Нельзя было говорить "ты", раз он так недоволен.
Положила ваты в спичечную коробочку. Устроила черта.
Прикрыла шелковой тряпочкой. Не держится тряпочка, ползет, с живота слезает.
А глаза злые, белые, удивляются, что я бестолкова.
Точно моя вина, что он пузатый.
Положила черта в свою постельку спать на подушечку. Сама пониже легла, всю ночь на кулаке проспала.
Утром смотрю, -- такой же злой и на меня удивляется.
День был звонкий, солнечный. Все гулять пошли.
-- Не могу, -- сказала, -- у меня голова болит.
И осталась с ним нянчиться.
Смотрю в окошко. Идут дети из церкви, что-то говорят, чему-то радуются, о чем-то заботятся.
Прыгает солнце с лужи на лужу, со стеклышка на стеклышко. Побежали его зайчики "поймаю -- ловлю"! Прыг-скок. Смеются-играют.
Показала черту. Выпучил глаза, удивился, рассердился, ничего не понял, обиделся.
Хотела ему спеть про "день-дребедень", да не посмела.
Стала ему декламировать Пушкина:
Люблю тебя, Петра творенье,
Люблю твой строгий, стройный вид,
Невы державное теченье,
Береговой ее гранит...
Стихотворение было серьезное, и я думала, что понравится. И читала я его умно и торжественно.
Кончила, и взглянуть на него страшно.
Взглянула: злится -- того гляди, глаза лопнут.
Неужели и это плохо? А уж лучшего я ничего не знаю.
Не спалось ночью. Чувствую, сердится он: как смею я тоже на постельке лежать. Может быть, тесно ему, -- почем я знаю.
Слезла тихонько.
-- Не сердитесь, черт, я буду в вашей спичечной коробочке спать.
Разыскала коробочку, легла на пол, коробочку под бок положила.
-- Не сердитесь, черт, мне так очень удобно.

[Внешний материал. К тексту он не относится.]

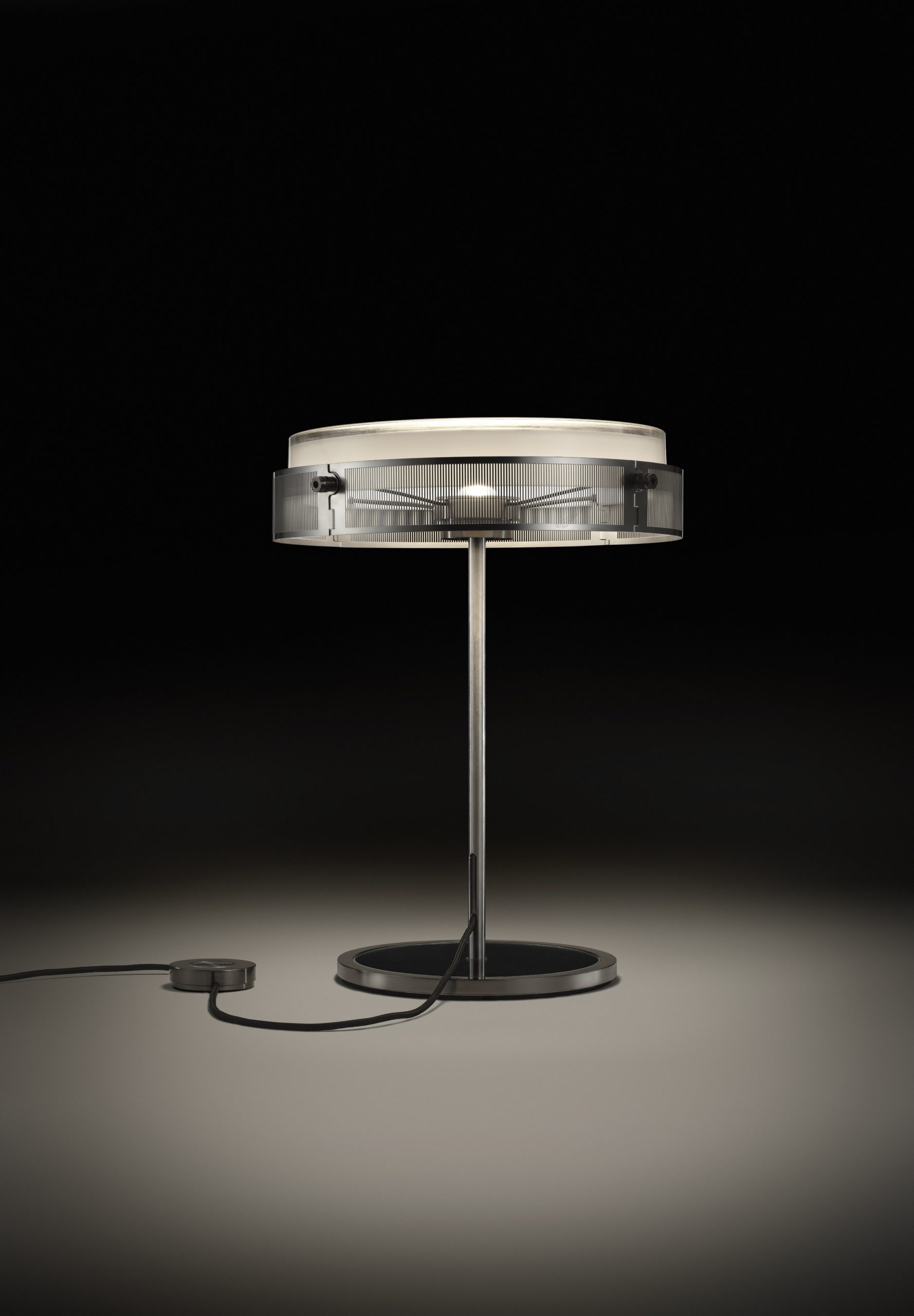 Les éléments extérieurs en acier photodécoupé enrichissent son design, tandis que la tige en acier inoxydable brossé, révélant un câble d’alimentation en tissu coloré, apporte une touche de couleur et de texture. La base en verre transparent, rehaussée par un anneau anodisé, et un variateur d’intensité en aluminium tourné, offrent une sophistication technique et une adaptabilité lumineuse.

Утром меня наказали, и горло у меня болело. Я сидела тихо, низала для него бисерное колечко и плакать боялась.
А он лежал на моей подушке, как раз посередине, чтобы мягче было, блестел носом на солнце и не одобрял моих поступков.
Я снизала для него колечко из самых ярких и красивых бисеринок, какие только могут быть на свете.
Сказала смущенно:
-- Это для вас!
Но колечко вышло ни к чему. Лапы у черта были прилеплены прямо к бокам вплотную, и никакого кольца на них не напялишь.
-- Я люблю вас, черт! -- сказала я.
Но он смотрел с таким злобным удивлением.
Как я смела?!
И я сама испугалась, -- как я смела! Может быть, он хотел спать или думал о чем-нибудь важном? Или, может быть, "люблю" можно говорить ему только после обеда?
Я не знала. Я ничего не знала и заплакала.
А вечером меня уложили в постель, дали лекарства и закрыли тепло, очень тепло, но по спине бегал холодок, и я знала, что, когда уйдут большие, я слезу с кровати, найду чертову баночку, влезу в нее и буду петь песенку про "день-дребедень" и кружиться всю жизнь, всю бесконечную жизнь буду кружиться.
Может быть, это ему понравится?
Мой первый Толстой
Я помню. Мне девять лет.
Я читаю "Детство и отрочество" Толстого. Читаю и перечитываю.
В этой книге все для меня родное.
Володя, Николенька, Любочка -- все они живут вместе со мною, все они так похожи на меня, на моих сестер и братьев. И дом их в Москве у бабушки -- это наш московский дом, и когда я читаю о гостиной, диванной или классной комнате, мне и воображать ничего не надо -- это все наши комнаты.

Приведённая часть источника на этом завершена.